[Working data — start]

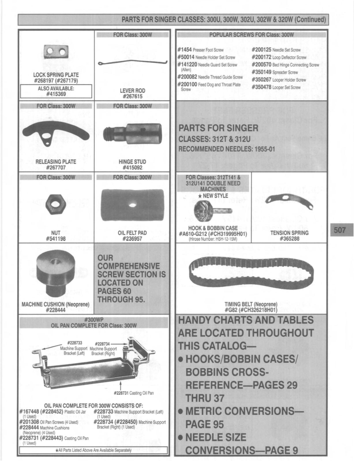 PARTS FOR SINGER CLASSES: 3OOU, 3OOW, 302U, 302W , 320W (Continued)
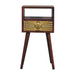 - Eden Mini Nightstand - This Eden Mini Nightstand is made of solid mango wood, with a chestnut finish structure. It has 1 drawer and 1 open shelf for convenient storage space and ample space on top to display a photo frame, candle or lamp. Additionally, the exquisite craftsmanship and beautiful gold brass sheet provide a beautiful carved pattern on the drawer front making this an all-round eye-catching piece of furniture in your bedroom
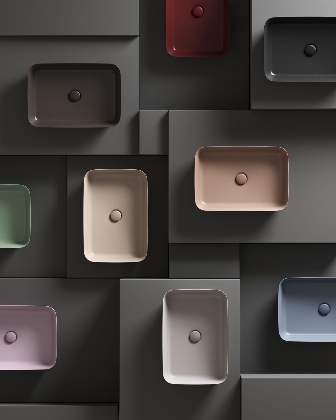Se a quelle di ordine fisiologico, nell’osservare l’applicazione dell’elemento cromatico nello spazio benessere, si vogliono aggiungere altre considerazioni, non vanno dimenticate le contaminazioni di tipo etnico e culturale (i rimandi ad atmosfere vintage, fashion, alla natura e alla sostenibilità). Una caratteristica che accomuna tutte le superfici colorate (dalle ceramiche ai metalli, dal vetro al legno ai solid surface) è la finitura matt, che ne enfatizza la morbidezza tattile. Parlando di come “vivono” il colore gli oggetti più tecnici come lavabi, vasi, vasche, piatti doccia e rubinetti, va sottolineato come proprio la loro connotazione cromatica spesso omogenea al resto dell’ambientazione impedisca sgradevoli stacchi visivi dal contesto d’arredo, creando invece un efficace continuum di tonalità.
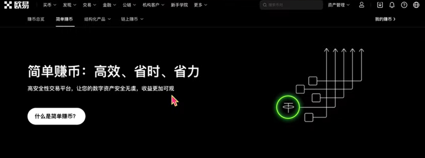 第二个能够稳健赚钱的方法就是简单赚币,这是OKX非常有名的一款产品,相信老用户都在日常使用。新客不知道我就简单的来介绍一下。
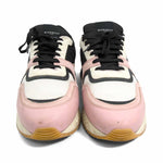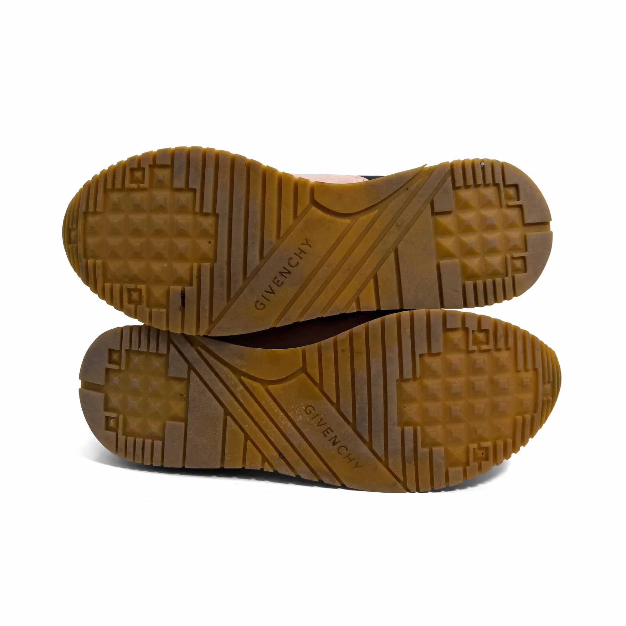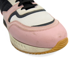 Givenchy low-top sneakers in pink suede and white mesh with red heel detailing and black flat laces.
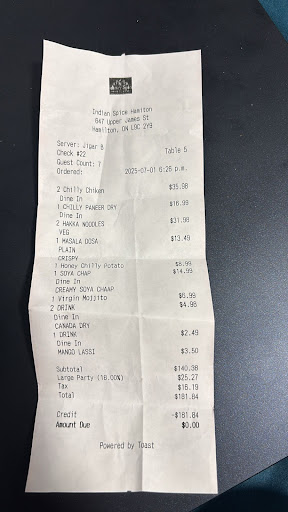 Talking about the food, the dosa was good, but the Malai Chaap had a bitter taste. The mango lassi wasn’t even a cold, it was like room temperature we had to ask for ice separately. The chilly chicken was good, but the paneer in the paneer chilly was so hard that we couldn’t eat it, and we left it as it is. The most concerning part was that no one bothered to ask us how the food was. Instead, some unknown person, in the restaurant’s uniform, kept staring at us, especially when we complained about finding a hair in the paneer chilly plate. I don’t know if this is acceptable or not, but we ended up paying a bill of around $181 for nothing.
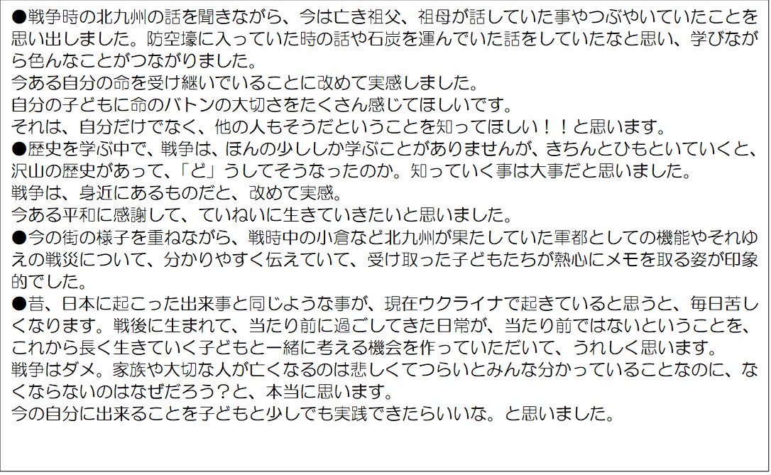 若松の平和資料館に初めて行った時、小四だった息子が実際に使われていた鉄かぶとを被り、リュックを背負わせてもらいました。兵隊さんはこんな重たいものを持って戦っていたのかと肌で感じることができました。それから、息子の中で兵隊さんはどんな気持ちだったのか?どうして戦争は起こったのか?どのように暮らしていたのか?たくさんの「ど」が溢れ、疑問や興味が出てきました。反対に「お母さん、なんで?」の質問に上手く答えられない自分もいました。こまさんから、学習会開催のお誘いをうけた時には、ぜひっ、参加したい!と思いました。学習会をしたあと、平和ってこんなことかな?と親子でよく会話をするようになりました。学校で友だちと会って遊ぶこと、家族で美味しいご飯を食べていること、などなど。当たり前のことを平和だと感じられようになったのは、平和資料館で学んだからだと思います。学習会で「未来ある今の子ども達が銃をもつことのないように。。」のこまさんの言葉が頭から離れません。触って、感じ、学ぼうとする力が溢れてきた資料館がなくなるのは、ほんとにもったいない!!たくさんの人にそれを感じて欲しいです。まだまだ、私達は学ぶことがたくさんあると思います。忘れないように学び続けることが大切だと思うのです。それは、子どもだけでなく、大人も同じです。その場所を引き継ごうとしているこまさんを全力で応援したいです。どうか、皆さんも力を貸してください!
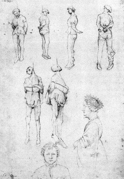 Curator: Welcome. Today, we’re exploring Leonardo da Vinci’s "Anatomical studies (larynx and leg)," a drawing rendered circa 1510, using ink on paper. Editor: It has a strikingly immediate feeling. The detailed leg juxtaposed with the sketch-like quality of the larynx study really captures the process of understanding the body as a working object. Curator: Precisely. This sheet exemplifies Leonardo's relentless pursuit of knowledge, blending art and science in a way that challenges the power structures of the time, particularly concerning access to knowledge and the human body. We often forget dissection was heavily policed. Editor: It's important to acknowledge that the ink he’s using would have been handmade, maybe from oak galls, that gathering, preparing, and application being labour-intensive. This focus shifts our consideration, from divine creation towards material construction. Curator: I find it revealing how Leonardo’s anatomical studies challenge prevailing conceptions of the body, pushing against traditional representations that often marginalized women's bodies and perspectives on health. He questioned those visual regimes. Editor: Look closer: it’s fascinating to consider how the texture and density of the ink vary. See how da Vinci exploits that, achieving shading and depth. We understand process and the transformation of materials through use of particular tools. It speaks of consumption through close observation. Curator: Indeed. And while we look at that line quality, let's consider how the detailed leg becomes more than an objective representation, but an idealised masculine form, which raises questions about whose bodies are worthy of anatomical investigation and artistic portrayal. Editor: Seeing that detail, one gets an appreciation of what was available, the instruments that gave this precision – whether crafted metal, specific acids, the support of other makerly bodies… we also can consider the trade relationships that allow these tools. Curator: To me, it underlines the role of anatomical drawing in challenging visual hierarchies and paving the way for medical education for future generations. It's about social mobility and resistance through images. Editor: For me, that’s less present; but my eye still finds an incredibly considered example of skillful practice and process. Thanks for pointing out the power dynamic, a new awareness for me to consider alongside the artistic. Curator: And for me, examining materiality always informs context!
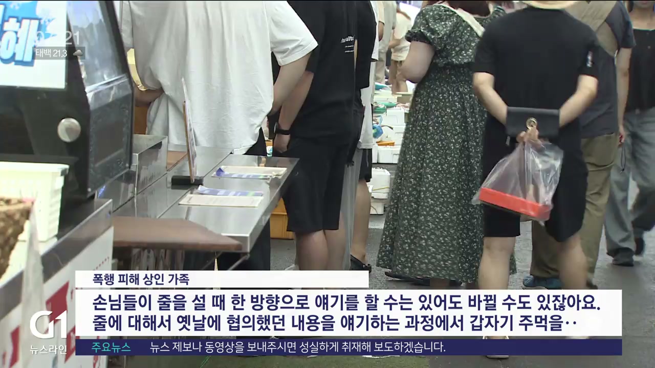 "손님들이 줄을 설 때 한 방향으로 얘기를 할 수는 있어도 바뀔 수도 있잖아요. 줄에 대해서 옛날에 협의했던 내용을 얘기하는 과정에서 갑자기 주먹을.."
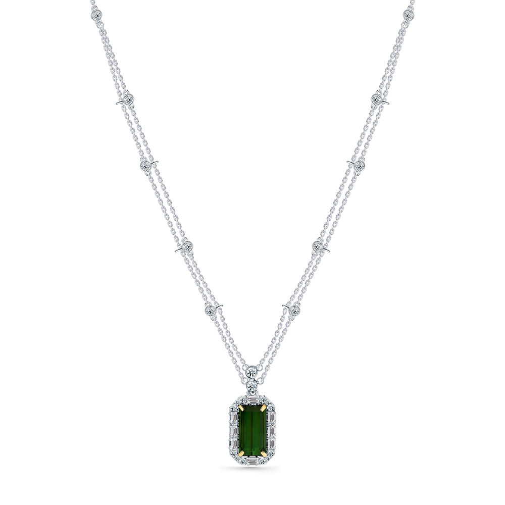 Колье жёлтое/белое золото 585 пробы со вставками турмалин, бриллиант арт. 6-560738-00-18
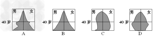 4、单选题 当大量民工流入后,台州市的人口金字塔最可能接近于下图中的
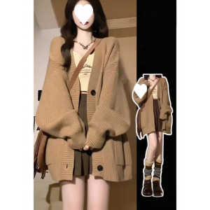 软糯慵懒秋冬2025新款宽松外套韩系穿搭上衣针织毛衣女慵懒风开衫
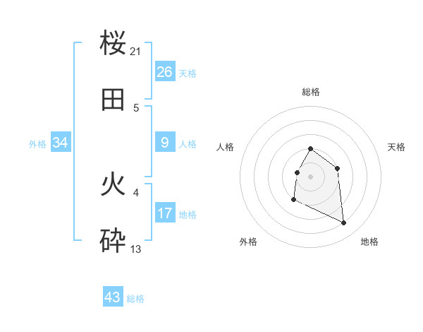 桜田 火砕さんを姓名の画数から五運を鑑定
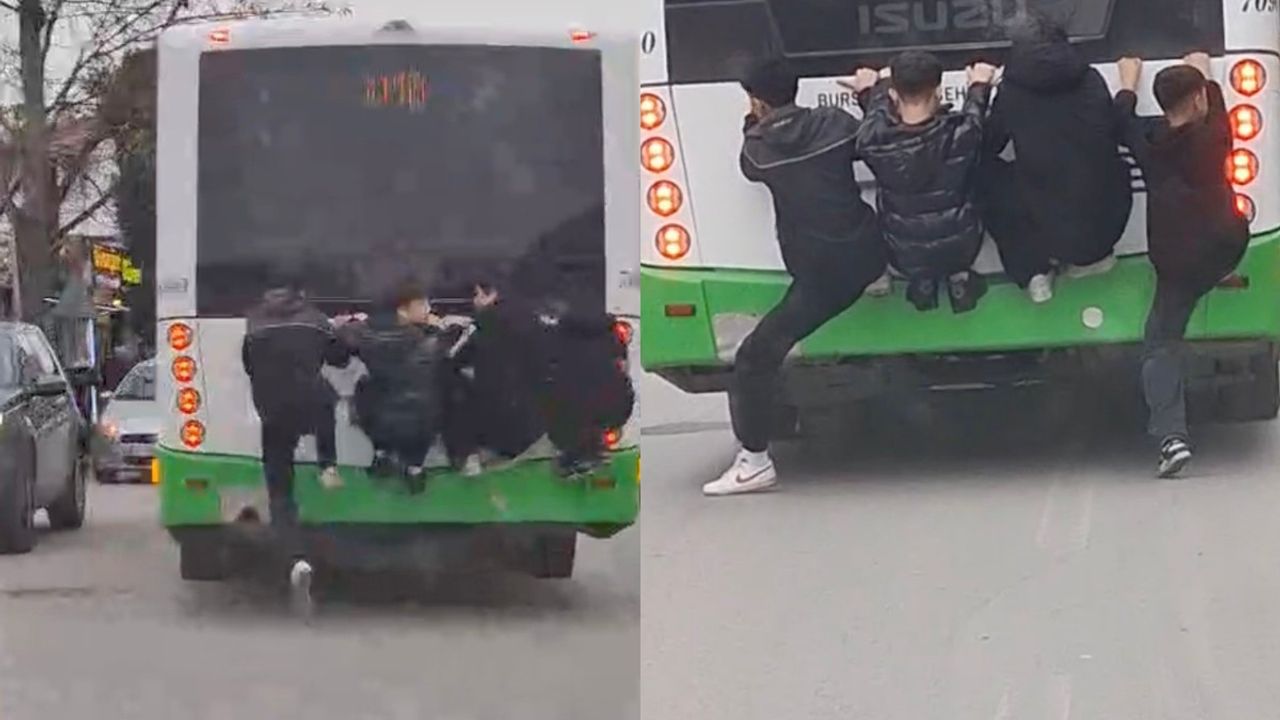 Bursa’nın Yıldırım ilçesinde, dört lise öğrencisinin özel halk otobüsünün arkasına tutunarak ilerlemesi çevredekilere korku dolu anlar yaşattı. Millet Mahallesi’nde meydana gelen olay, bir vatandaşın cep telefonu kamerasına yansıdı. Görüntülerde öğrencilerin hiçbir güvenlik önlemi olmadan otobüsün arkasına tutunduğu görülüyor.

[Working data — finish]

Directions | This exercise calls for a verbatim output of the entries, pictures omitted.

Reply to the task |
 PARTS FOR SINGER CLASSES: 3OOU, 3OOW, 302U, 302W , 320W (Continued)
 - Eden Mini Nightstand - This Eden Mini Nightstand is made of solid mango wood, with a chestnut finish structure. It has 1 drawer and 1 open shelf for convenient storage space and ample space on top to display a photo frame, candle or lamp. Additionally, the exquisite craftsmanship and beautiful gold brass sheet provide a beautiful carved pattern on the drawer front making this an all-round eye-catching piece of furniture in your bedroom
Se a quelle di ordine fisiologico, nell’osservare l’applicazione dell’elemento cromatico nello spazio benessere, si vogliono aggiungere altre considerazioni, non vanno dimenticate le contaminazioni di tipo etnico e culturale (i rimandi ad atmosfere vintage, fashion, alla natura e alla sostenibilità). Una caratteristica che accomuna tutte le superfici colorate (dalle ceramiche ai metalli, dal vetro al legno ai solid surface) è la finitura matt, che ne enfatizza la morbidezza tattile. Parlando di come “vivono” il colore gli oggetti più tecnici come lavabi, vasi, vasche, piatti doccia e rubinetti, va sottolineato come proprio la loro connotazione cromatica spesso omogenea al resto dell’ambientazione impedisca sgradevoli stacchi visivi dal contesto d’arredo, creando invece un efficace continuum di tonalità.
 第二个能够稳健赚钱的方法就是简单赚币,这是OKX非常有名的一款产品,相信老用户都在日常使用。新客不知道我就简单的来介绍一下。
 Givenchy low-top sneakers in pink suede and white mesh with red heel detailing and black flat laces.
 Talking about the food, the dosa was good, but the Malai Chaap had a bitter taste. The mango lassi wasn’t even a cold, it was like room temperature we had to ask for ice separately. The chilly chicken was good, but the paneer in the paneer chilly was so hard that we couldn’t eat it, and we left it as it is. The most concerning part was that no one bothered to ask us how the food was. Instead, some unknown person, in the restaurant’s uniform, kept staring at us, especially when we complained about finding a hair in the paneer chilly plate. I don’t know if this is acceptable or not, but we ended up paying a bill of around $181 for nothing.
 若松の平和資料館に初めて行った時、小四だった息子が実際に使われていた鉄かぶとを被り、リュックを背負わせてもらいました。兵隊さんはこんな重たいものを持って戦っていたのかと肌で感じることができました。それから、息子の中で兵隊さんはどんな気持ちだったのか?どうして戦争は起こったのか?どのように暮らしていたのか?たくさんの「ど」が溢れ、疑問や興味が出てきました。反対に「お母さん、なんで?」の質問に上手く答えられない自分もいました。こまさんから、学習会開催のお誘いをうけた時には、ぜひっ、参加したい!と思いました。学習会をしたあと、平和ってこんなことかな?と親子でよく会話をするようになりました。学校で友だちと会って遊ぶこと、家族で美味しいご飯を食べていること、などなど。当たり前のことを平和だと感じられようになったのは、平和資料館で学んだからだと思います。学習会で「未来ある今の子ども達が銃をもつことのないように。。」のこまさんの言葉が頭から離れません。触って、感じ、学ぼうとする力が溢れてきた資料館がなくなるのは、ほんとにもったいない!!たくさんの人にそれを感じて欲しいです。まだまだ、私達は学ぶことがたくさんあると思います。忘れないように学び続けることが大切だと思うのです。それは、子どもだけでなく、大人も同じです。その場所を引き継ごうとしているこまさんを全力で応援したいです。どうか、皆さんも力を貸してください!
 Curator: Welcome. Today, we’re exploring Leonardo da Vinci’s "Anatomical studies (larynx and leg)," a drawing rendered circa 1510, using ink on paper. Editor: It has a strikingly immediate feeling. The detailed leg juxtaposed with the sketch-like quality of the larynx study really captures the process of understanding the body as a working object. Curator: Precisely. This sheet exemplifies Leonardo's relentless pursuit of knowledge, blending art and science in a way that challenges the power structures of the time, particularly concerning access to knowledge and the human body. We often forget dissection was heavily policed. Editor: It's important to acknowledge that the ink he’s using would have been handmade, maybe from oak galls, that gathering, preparing, and application being labour-intensive. This focus shifts our consideration, from divine creation towards material construction. Curator: I find it revealing how Leonardo’s anatomical studies challenge prevailing conceptions of the body, pushing against traditional representations that often marginalized women's bodies and perspectives on health. He questioned those visual regimes. Editor: Look closer: it’s fascinating to consider how the texture and density of the ink vary. See how da Vinci exploits that, achieving shading and depth. We understand process and the transformation of materials through use of particular tools. It speaks of consumption through close observation. Curator: Indeed. And while we look at that line quality, let's consider how the detailed leg becomes more than an objective representation, but an idealised masculine form, which raises questions about whose bodies are worthy of anatomical investigation and artistic portrayal. Editor: Seeing that detail, one gets an appreciation of what was available, the instruments that gave this precision – whether crafted metal, specific acids, the support of other makerly bodies… we also can consider the trade relationships that allow these tools. Curator: To me, it underlines the role of anatomical drawing in challenging visual hierarchies and paving the way for medical education for future generations. It's about social mobility and resistance through images. Editor: For me, that’s less present; but my eye still finds an incredibly considered example of skillful practice and process. Thanks for pointing out the power dynamic, a new awareness for me to consider alongside the artistic. Curator: And for me, examining materiality always informs context!
 "손님들이 줄을 설 때 한 방향으로 얘기를 할 수는 있어도 바뀔 수도 있잖아요. 줄에 대해서 옛날에 협의했던 내용을 얘기하는 과정에서 갑자기 주먹을.."
 Колье жёлтое/белое золото 585 пробы со вставками турмалин, бриллиант арт. 6-560738-00-18
 4、单选题 当大量民工流入后,台州市的人口金字塔最可能接近于下图中的
 软糯慵懒秋冬2025新款宽松外套韩系穿搭上衣针织毛衣女慵懒风开衫
 桜田 火砕さんを姓名の画数から五運を鑑定
 Bursa’nın Yıldırım ilçesinde, dört lise öğrencisinin özel halk otobüsünün arkasına tutunarak ilerlemesi çevredekilere korku dolu anlar yaşattı. Millet Mahallesi’nde meydana gelen olay, bir vatandaşın cep telefonu kamerasına yansıdı. Görüntülerde öğrencilerin hiçbir güvenlik önlemi olmadan otobüsün arkasına tutunduğu görülüyor.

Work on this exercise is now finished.